_Task item:_ From the entries below, retype only the lines from the one with "汪娟、杨智华、刘彤彤、郭雄伟" through the one with "The Mars Bio-Hacker", exactly as written.

┌─ Raw data

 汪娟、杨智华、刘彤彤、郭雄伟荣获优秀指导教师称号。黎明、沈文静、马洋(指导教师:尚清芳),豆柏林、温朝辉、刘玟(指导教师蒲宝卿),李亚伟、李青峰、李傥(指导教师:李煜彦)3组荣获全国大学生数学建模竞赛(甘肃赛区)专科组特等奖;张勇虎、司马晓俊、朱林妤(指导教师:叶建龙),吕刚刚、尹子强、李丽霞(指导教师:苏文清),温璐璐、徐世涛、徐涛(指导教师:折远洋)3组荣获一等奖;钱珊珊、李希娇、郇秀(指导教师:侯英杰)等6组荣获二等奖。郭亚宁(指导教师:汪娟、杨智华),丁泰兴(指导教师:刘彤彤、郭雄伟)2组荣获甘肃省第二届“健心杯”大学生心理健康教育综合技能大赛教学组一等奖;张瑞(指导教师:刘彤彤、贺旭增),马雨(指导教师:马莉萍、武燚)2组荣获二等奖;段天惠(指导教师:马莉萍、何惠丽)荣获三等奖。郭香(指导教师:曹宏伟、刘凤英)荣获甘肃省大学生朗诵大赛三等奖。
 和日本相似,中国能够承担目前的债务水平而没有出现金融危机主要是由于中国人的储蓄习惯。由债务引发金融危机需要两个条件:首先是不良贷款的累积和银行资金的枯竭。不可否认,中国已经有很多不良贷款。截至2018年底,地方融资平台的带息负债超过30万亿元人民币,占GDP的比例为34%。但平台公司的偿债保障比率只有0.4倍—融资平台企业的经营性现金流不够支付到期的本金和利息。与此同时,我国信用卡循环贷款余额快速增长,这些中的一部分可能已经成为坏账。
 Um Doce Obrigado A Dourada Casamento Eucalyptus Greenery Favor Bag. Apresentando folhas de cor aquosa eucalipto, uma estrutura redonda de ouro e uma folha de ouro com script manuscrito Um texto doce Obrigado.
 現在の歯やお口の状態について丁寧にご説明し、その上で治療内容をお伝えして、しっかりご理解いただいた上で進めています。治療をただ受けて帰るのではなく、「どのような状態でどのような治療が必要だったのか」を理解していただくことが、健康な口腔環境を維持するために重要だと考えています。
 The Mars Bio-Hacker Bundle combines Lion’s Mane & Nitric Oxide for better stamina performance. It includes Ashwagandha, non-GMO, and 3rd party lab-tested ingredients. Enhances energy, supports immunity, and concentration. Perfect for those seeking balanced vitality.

└─
┌─ Raw data

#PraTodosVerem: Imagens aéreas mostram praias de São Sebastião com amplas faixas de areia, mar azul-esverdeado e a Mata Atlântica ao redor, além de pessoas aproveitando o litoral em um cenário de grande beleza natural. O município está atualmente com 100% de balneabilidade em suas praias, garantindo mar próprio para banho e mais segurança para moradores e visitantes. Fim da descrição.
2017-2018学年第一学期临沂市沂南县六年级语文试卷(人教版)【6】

└─
┌─ Raw data

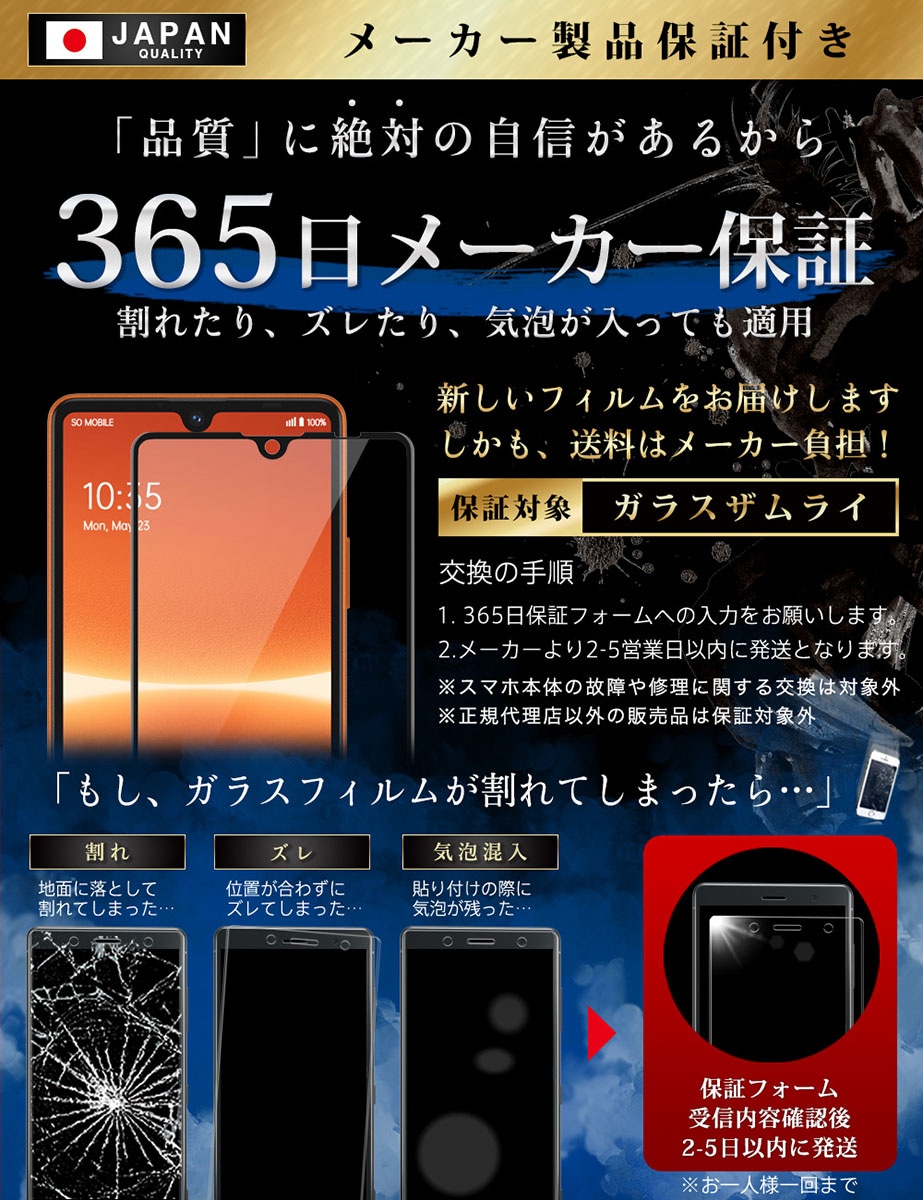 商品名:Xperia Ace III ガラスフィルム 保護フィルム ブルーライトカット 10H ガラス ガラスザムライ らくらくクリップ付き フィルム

└─

_Written response:_
 汪娟、杨智华、刘彤彤、郭雄伟荣获优秀指导教师称号。黎明、沈文静、马洋(指导教师:尚清芳),豆柏林、温朝辉、刘玟(指导教师蒲宝卿),李亚伟、李青峰、李傥(指导教师:李煜彦)3组荣获全国大学生数学建模竞赛(甘肃赛区)专科组特等奖;张勇虎、司马晓俊、朱林妤(指导教师:叶建龙),吕刚刚、尹子强、李丽霞(指导教师:苏文清),温璐璐、徐世涛、徐涛(指导教师:折远洋)3组荣获一等奖;钱珊珊、李希娇、郇秀(指导教师:侯英杰)等6组荣获二等奖。郭亚宁(指导教师:汪娟、杨智华),丁泰兴(指导教师:刘彤彤、郭雄伟)2组荣获甘肃省第二届“健心杯”大学生心理健康教育综合技能大赛教学组一等奖;张瑞(指导教师:刘彤彤、贺旭增),马雨(指导教师:马莉萍、武燚)2组荣获二等奖;段天惠(指导教师:马莉萍、何惠丽)荣获三等奖。郭香(指导教师:曹宏伟、刘凤英)荣获甘肃省大学生朗诵大赛三等奖。
 和日本相似,中国能够承担目前的债务水平而没有出现金融危机主要是由于中国人的储蓄习惯。由债务引发金融危机需要两个条件:首先是不良贷款的累积和银行资金的枯竭。不可否认,中国已经有很多不良贷款。截至2018年底,地方融资平台的带息负债超过30万亿元人民币,占GDP的比例为34%。但平台公司的偿债保障比率只有0.4倍—融资平台企业的经营性现金流不够支付到期的本金和利息。与此同时,我国信用卡循环贷款余额快速增长,这些中的一部分可能已经成为坏账。
 Um Doce Obrigado A Dourada Casamento Eucalyptus Greenery Favor Bag. Apresentando folhas de cor aquosa eucalipto, uma estrutura redonda de ouro e uma folha de ouro com script manuscrito Um texto doce Obrigado.
 現在の歯やお口の状態について丁寧にご説明し、その上で治療内容をお伝えして、しっかりご理解いただいた上で進めています。治療をただ受けて帰るのではなく、「どのような状態でどのような治療が必要だったのか」を理解していただくことが、健康な口腔環境を維持するために重要だと考えています。
 The Mars Bio-Hacker Bundle combines Lion’s Mane & Nitric Oxide for better stamina performance. It includes Ashwagandha, non-GMO, and 3rd party lab-tested ingredients. Enhances energy, supports immunity, and concentration. Perfect for those seeking balanced vitality.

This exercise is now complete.